→ **What the task asks**
Print exactly the lines that run from the first line of the material to the line containing "通知中稱,為保障食品安 全及", both ends included, and skip the pictures.

→ **Records for this exercise**
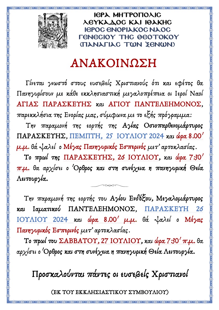 Γίνεται γνωστό στους ευσεβείς Χριστιανούς ότι και εφέτος θα Πανηγυρίσουν με κάθε εκκλησιαστική μεγαλοπρέπεια οι
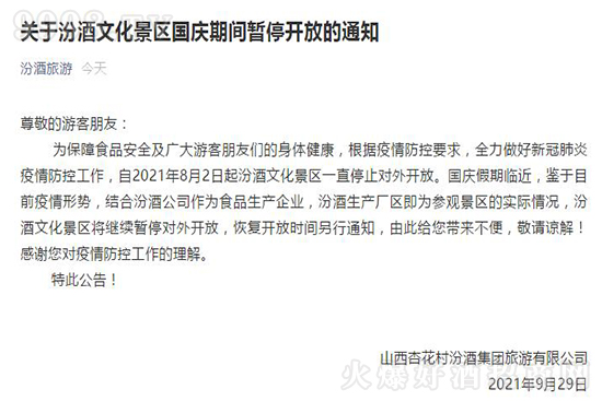 通知中稱,為保障食品安 全及廣大游客的身體健康,根據疫情防控要求,全力做好疫情防控工作,自2021年8月2日起汾酒文化景區一直停止對外開放。國慶期間繼續暫停對外開放,是鑒于目前疫情形勢,結合汾酒公司作為食品生產企業,汾酒生產廠區即為參觀景區的實際情況。(文章來源:新京報)
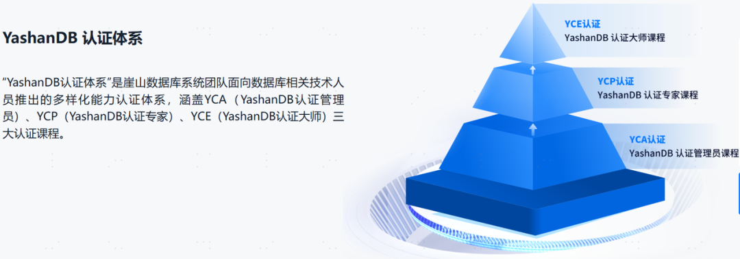 大部分企业在官网上都可以找到培训认证入口,但有些藏的比较深,特别是云厂商往往没有独立的数据库认证口,都是在众多云产品培训之中,需要自己找找。其次是,相关课程设置是否足够明细,包括有的认证是需要有依赖关系,有的是课程与考试相配套的,这点都需要明示出来。学习一门新数据库,起步是比较关键的。这里有几个必备条件,一是数据库介质是否能快速获得,二是环境搭建是否简洁、资源是否足够低,三是相关学习材料是否够多且容易获得。针对第一点,有些厂商产品还提供了留资页面才能获得,有些则可以直接下载。针对第二点,好的一个入手指南很重要,甚至提供了在线环境,直接上手用,这对于小白非常友好。第三点则是要花费精力来开发课件。针对上面几点,各家差异很大,大家体会后自然就知道了。费用的话题是绕不开的,毕竟是会花费厂商一定投入的。目前看到的各家差异比较大,那是不是都免费就好呢?个人觉得也非如此。当前国产数据库还处于相对早期,都在构建自己的生态。认证培训是个很好的着力点。个人建议,在初中级认证,采用免费模式,把入口打开,让广大用户能够进来。针对高级认证收费也合理,毕竟资源投入更大。此外,留有一定的空间给到合作伙伴,毕竟免费不是一种商业模式,只有有钱赚大家才愿意参与,将高级认证或更丰富的培训课程留给伙伴,让大家挣到钱。针对高校学生、社区活跃者,可通过考试券等形式来激励。各家课程设置大体分两类,一类是标准课程(如下图,是我考的崖山数据库认证体系),一类我认为属于非标类的。前者主要针对DBA人群,多采用A-P-M序列的方式来组织,但各家的培训内容差别还是挺大的。个人建议A序列,可讲述概念、入门操作即可;P序列则侧重运维管理层面;M序列则简述优化、排障及原理。后者则是针对其他人群的,包括针对开发者、合作伙伴、分销商或职业教育类,此类培训有其独有特点,课程设置各有特色。5).学习过程是否高效
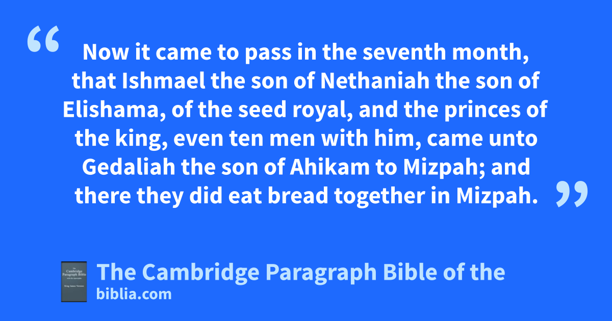 XLI. Now it came to pass ain the seventh month, bthat cIshmael the son of Nethaniah the son of dElishama, of the seed royal, and the princes of the king, even ten men with him, came unto Gedaliah the son of Ahikam to cMizpah; and there ethey did eat bread together in Mizpah. 2 bThen arose Ishmael the son of Nethaniah, and the ten men that were with him, and smote Gedaliah the son of Ahikam the son of Shaphan with the sword, and slew him, fwhom the king of Babylon had made governor over the land. 3 Ishmael also slew all bthe Jews that were with him, even with Gedaliah at Mizpah, and bthe Chaldeans that were found there, and the men of war.
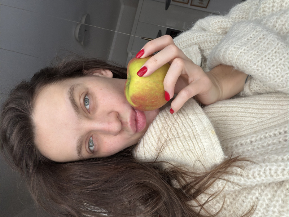 A medium close-up, indoor selfie depicts an adult female subject with long, dark brown hair, parted to her right, cascading over her left shoulder. She has light blue-green eyes and her face shows minimal makeup, with visible natural skin texture. Her lips are pursed in a slight pout. She is wearing a cream-colored, heavily textured, knitted sweater with a high, ribbed collar and a visible yellow-brown stain on the collar's interior fold, near her chin. Her left hand, adorned with bright red nail polish on all visible fingernails, holds a bi-colored apple (primarily yellow-green with significant red blushing) against the lower left side of her face. The background is an indistinct, light-colored interior space, possibly a kitchen or living area, with a white ceiling featuring recessed lighting or a flush-mount fixture, and what appear to be framed pictures or objects on a wall in the upper right background. The scene is located in a private residence in the city of Korolyov, Russia.
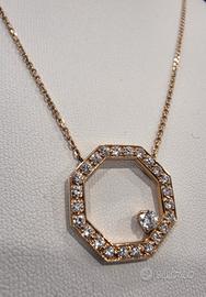 Splendido collier 18 ctr con centrale geometrico stile Messika con incastonato 25 diamanti per totale ct 1.30 g color vs ..peso gr6.34 lunghezza catena totale cm 45

→ **Completed task**
 Γίνεται γνωστό στους ευσεβείς Χριστιανούς ότι και εφέτος θα Πανηγυρίσουν με κάθε εκκλησιαστική μεγαλοπρέπεια οι
 通知中稱,為保障食品安 全及廣大游客的身體健康,根據疫情防控要求,全力做好疫情防控工作,自2021年8月2日起汾酒文化景區一直停止對外開放。國慶期間繼續暫停對外開放,是鑒于目前疫情形勢,結合汾酒公司作為食品生產企業,汾酒生產廠區即為參觀景區的實際情況。(文章來源:新京報)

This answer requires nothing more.